■ PROBLEM ■
Could you transcribe exactly the lines from the one containing "- Głębokość: 266,5 cm" through the end of the listing below, both included, but none of the pictures?

■ SUPPLIED INFORMATION ■
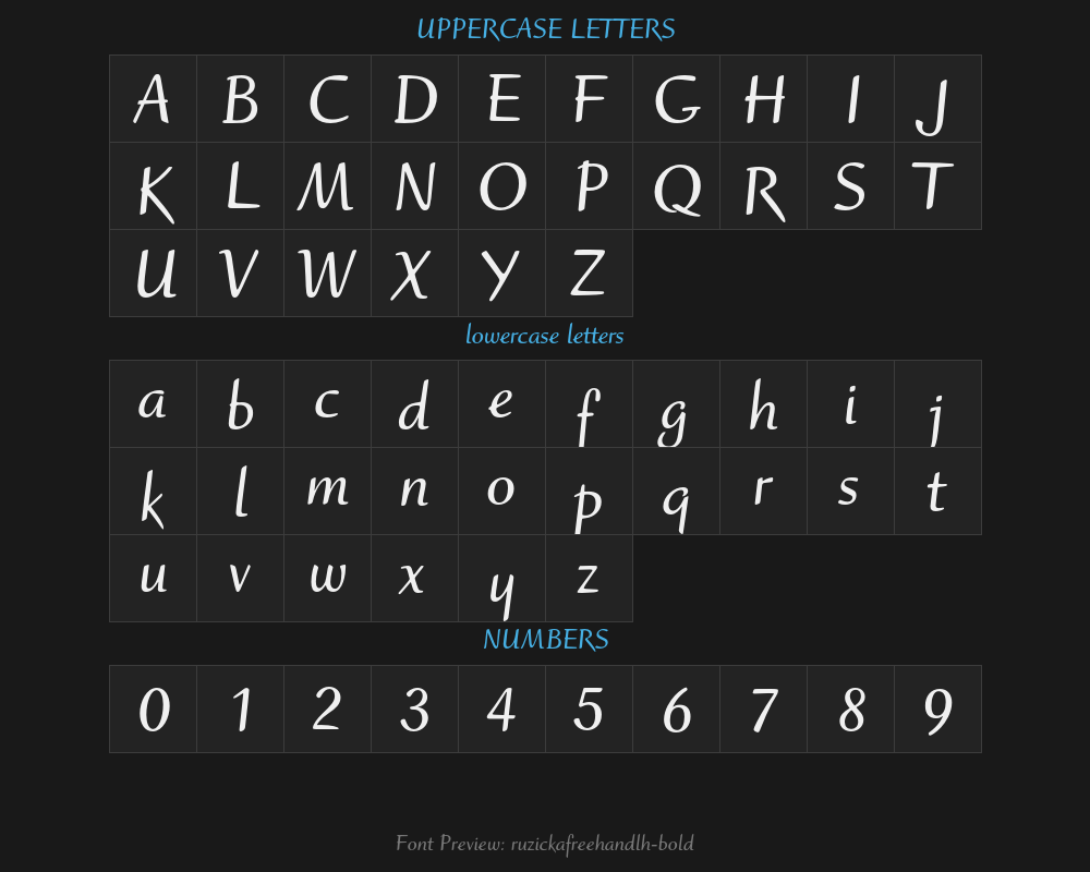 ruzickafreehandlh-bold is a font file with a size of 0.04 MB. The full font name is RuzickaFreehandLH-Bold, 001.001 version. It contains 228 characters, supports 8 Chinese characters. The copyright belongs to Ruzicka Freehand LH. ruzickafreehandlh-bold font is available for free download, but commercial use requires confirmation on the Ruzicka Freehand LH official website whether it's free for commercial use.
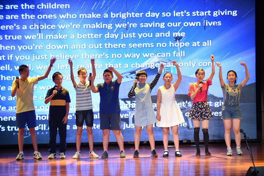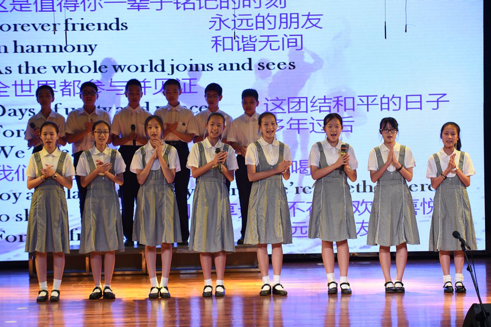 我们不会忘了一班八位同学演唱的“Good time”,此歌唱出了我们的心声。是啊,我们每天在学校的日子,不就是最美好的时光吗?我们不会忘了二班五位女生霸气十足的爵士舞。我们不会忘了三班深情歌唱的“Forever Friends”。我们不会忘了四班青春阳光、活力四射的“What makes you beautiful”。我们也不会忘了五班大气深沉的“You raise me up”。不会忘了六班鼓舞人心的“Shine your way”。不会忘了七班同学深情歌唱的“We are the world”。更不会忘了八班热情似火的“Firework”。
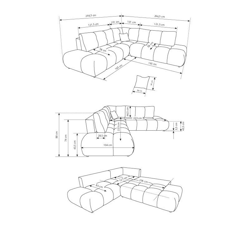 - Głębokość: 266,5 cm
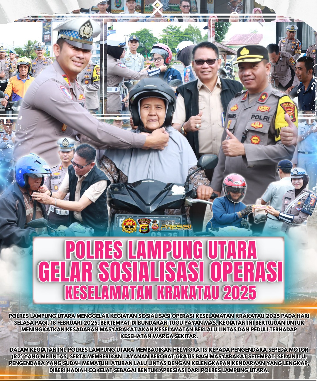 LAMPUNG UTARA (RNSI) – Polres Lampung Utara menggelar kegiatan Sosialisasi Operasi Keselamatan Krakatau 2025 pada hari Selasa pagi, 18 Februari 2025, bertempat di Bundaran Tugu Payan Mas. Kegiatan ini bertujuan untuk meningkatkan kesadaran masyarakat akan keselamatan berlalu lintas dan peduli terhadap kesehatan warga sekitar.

■ RESULT OF THE EXERCISE ■
 - Głębokość: 266,5 cm
 LAMPUNG UTARA (RNSI) – Polres Lampung Utara menggelar kegiatan Sosialisasi Operasi Keselamatan Krakatau 2025 pada hari Selasa pagi, 18 Februari 2025, bertempat di Bundaran Tugu Payan Mas. Kegiatan ini bertujuan untuk meningkatkan kesadaran masyarakat akan keselamatan berlalu lintas dan peduli terhadap kesehatan warga sekitar.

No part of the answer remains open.